• **What you are asked to do**:
The lines to copy are those with "transmission" in them. Pull each one from the entries below.
*** Entries supplied ***
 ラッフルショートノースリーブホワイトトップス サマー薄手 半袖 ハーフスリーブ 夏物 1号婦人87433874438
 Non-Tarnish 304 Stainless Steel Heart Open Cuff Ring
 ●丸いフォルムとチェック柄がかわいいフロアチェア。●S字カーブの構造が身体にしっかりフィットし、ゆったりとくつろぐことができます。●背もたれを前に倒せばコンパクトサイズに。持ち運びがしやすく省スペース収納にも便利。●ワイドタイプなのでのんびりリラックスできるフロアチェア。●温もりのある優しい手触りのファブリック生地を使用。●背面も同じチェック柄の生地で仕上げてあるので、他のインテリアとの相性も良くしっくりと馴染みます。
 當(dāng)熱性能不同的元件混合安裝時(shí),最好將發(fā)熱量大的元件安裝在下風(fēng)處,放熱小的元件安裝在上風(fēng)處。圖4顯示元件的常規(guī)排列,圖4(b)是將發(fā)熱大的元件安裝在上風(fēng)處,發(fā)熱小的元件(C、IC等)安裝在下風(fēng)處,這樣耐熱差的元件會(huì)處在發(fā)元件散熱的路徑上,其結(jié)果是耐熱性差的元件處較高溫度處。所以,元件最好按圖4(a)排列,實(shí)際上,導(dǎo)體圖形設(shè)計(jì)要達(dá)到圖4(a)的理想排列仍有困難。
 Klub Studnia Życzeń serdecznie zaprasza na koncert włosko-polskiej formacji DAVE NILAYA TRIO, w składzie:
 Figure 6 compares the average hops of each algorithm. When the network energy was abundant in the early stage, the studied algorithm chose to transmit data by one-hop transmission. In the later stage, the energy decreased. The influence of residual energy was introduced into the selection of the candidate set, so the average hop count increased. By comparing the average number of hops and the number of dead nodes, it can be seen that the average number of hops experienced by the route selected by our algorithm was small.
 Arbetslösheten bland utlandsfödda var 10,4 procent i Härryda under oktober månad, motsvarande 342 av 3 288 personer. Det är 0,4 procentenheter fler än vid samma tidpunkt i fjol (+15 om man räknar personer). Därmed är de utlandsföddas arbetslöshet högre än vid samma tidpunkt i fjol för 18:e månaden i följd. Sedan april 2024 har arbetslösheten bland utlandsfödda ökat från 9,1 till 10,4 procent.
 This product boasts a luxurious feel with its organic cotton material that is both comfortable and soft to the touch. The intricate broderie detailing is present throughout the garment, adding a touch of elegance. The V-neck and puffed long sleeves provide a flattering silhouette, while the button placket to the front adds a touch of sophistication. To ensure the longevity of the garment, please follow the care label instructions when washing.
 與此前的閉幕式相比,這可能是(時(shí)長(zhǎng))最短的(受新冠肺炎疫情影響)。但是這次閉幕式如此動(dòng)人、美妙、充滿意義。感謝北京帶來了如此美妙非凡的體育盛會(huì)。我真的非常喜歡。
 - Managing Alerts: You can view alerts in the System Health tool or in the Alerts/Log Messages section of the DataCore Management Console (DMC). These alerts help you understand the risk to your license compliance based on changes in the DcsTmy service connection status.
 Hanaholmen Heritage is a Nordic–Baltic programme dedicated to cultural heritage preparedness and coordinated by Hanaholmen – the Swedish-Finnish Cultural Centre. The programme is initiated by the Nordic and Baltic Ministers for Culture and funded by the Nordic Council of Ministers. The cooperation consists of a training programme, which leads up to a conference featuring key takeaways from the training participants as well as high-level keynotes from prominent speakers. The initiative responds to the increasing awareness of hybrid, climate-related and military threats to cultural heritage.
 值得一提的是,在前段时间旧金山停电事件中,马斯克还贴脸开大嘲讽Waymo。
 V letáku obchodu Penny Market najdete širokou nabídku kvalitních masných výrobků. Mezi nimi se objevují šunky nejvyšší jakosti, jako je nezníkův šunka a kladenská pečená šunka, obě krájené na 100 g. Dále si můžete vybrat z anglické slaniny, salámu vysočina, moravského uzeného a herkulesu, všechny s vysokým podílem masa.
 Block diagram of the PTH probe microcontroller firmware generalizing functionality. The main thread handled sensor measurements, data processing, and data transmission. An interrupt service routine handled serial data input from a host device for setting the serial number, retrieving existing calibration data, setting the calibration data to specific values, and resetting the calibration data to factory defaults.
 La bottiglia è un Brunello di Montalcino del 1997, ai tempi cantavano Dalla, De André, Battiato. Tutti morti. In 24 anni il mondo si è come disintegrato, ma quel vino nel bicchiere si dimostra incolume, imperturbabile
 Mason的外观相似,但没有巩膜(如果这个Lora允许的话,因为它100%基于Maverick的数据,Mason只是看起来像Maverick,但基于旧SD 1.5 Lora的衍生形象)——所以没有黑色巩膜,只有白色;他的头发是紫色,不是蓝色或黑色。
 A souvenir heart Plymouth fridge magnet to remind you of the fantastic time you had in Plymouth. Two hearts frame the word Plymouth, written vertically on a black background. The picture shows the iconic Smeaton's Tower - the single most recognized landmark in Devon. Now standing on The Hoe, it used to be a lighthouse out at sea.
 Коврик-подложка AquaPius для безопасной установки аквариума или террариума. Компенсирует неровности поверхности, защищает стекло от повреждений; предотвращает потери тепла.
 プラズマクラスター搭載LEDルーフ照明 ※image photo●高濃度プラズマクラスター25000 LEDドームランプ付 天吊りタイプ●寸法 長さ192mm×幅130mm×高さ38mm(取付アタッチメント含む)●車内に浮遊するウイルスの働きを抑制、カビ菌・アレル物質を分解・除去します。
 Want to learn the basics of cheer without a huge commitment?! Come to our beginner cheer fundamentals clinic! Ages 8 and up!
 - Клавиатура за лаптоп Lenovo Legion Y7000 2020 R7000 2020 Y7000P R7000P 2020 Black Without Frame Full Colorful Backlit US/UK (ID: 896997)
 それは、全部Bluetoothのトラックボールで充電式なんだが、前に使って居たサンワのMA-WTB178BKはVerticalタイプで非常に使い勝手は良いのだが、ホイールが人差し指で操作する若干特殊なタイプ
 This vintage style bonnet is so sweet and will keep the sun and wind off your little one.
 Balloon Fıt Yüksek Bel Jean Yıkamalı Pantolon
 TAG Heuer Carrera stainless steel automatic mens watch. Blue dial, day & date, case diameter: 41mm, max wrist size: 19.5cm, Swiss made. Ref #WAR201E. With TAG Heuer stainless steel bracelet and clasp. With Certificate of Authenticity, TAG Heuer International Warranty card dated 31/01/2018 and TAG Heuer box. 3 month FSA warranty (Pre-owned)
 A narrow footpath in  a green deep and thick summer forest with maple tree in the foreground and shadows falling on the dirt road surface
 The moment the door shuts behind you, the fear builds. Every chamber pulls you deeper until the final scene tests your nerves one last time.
*** End of Entries supplied ***
• **Your response**:
 Figure 6 compares the average hops of each algorithm. When the network energy was abundant in the early stage, the studied algorithm chose to transmit data by one-hop transmission. In the later stage, the energy decreased. The influence of residual energy was introduced into the selection of the candidate set, so the average hop count increased. By comparing the average number of hops and the number of dead nodes, it can be seen that the average number of hops experienced by the route selected by our algorithm was small.
 Block diagram of the PTH probe microcontroller firmware generalizing functionality. The main thread handled sensor measurements, data processing, and data transmission. An interrupt service routine handled serial data input from a host device for setting the serial number, retrieving existing calibration data, setting the calibration data to specific values, and resetting the calibration data to factory defaults.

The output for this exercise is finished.